I want to present you the first single of my upcoming album today.
"Blade under the pillow" tells of the impulse to end everything, but which is always intercepted by the will to live.
The blade under the pillow, which should facilitate the finish, always stays there in the end and the new day begins with the knowledge that life is worth living.

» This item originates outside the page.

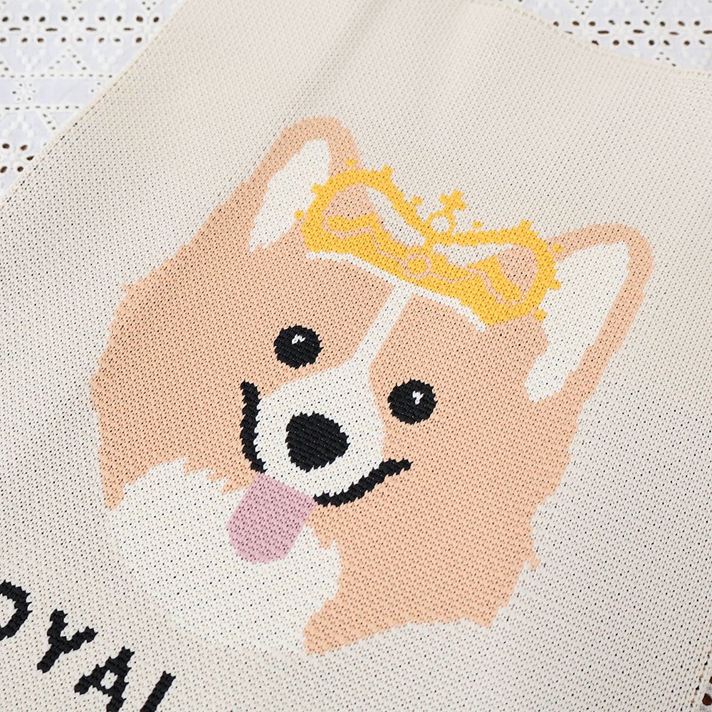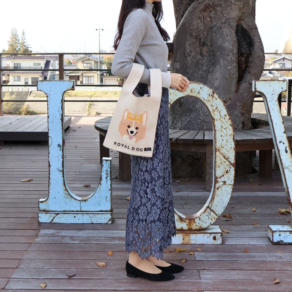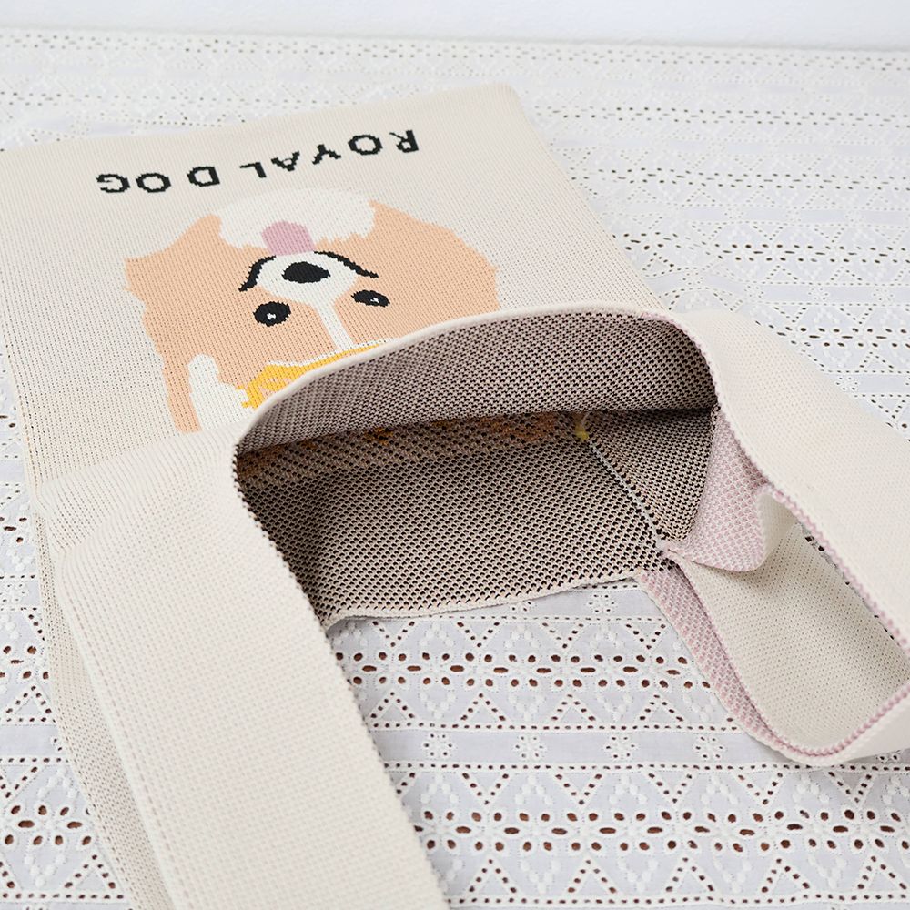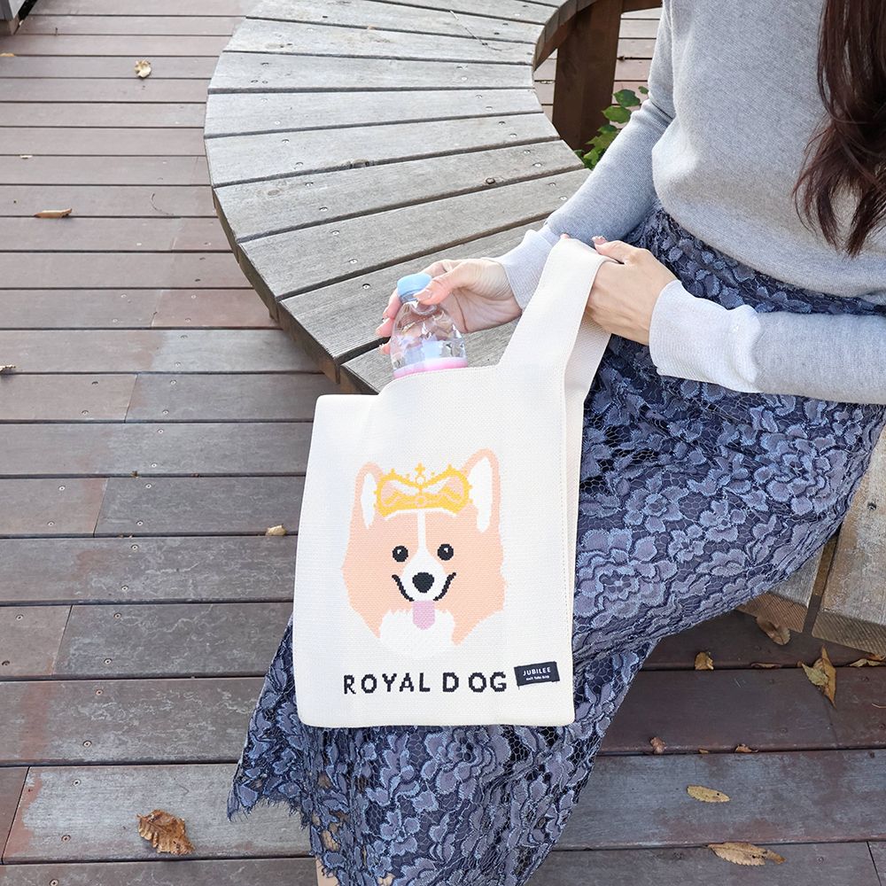 王冠をかぶったコーギー♪ ニットトートバッグBeige DM1-TOTEK-ORG001
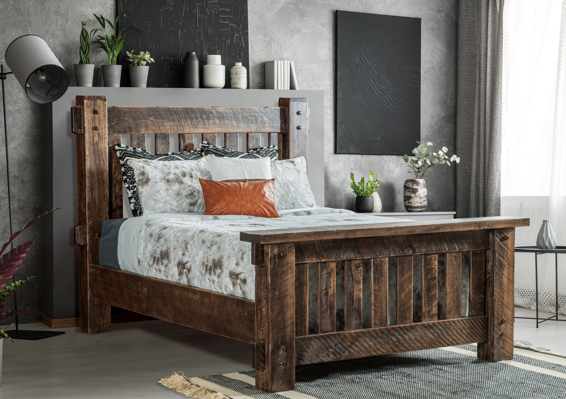 The very essence of ‘rustic.’ Welcome to the Houston Low Bed. Our Amish cabinetmakers build the bed from rough-sawn brown maple. (It’s finished with Almond stain #10 sheen.) Even the saw marks are visible! Also, we use true mortise and tenon joints and wood pins. We offer the bed in your choice of king, California king, queen (shown) or full size. So, you can choose the size that’s right for you. Now, make it yours. Simply complete the customizing fields below. Also, make sure you include your choices for wood species, finish and more. Or call 855-768-3270.

Today is not a good day, no really it is not great
I have to get out of here and wonder what this mild fun is supposed to do here
Why do I feel so lonely among all of you
Leave me alone, this shit is just my stuff
I have to get out of here to hide quickly would be awesome
I go home and get the blanket out of the chamber
I cover myself on my couch up to my forehead
And then I'm briefly satisfied not to listen to you anymore
But only briefly because this fall is apparently unstoppable
At this point comes my wish to just turn me off
And I weigh up what binds me to this life here
It always means that happiness can be found in a small form for everyone
While I notice that everything seems pretty pointless to me
I reach for the blade and then say I'm ready
But something is slowing me down and I've often experienced that
I go to bed and put the blade under my pillow
Please give me the courage to die tonight
The decision to be free
It is certainly bitter, but they will inherit songs
And I'm never alone anymore
so many nights with the blade under the pillow
I am the next one I thought and I have to know
that it doesn't go up anyway, no matter what you do
and because it takes a lot of courage, a little attempt is good for me
I just wake up at night and a little sleepy
I quickly reach for the blade and then I have it in a few hours
I put on then pull through and close my eyes
fall asleep again and there's nothing to stop me
you have to understand that this seems to me to be the last resort
if you don't see anything good anymore, the view remains small
just gray in gray, like in prison and look
how you don't need this rest of me here among you
it fights inside me and screams I just have to dare
and I can't do much more than watch
when the thoughts fought over my head
I put the blade quietly and secretly under the pillow
And you give me the courage to live again every night
The decision to be strong
And the blade just stays there under the pillow
Because I'm not alone here
Ich möchte euch heute die erste Single meines kommenden Albums präsentieren.
"Klinge unterm Kopfkissen" erzählt von dem Impuls mit allem schluss machen zu wollen, der aber immer wieder von dem Willen zu leben abgefangen wird.
Die Klinge unterm Kopfkissen, die den Abgang erleichtern soll, bleibt zuletzt doch immer dort liegen und der neue Tag beginnt mit dem Wissen, dass das Leben es wert ist gelebt zu werden.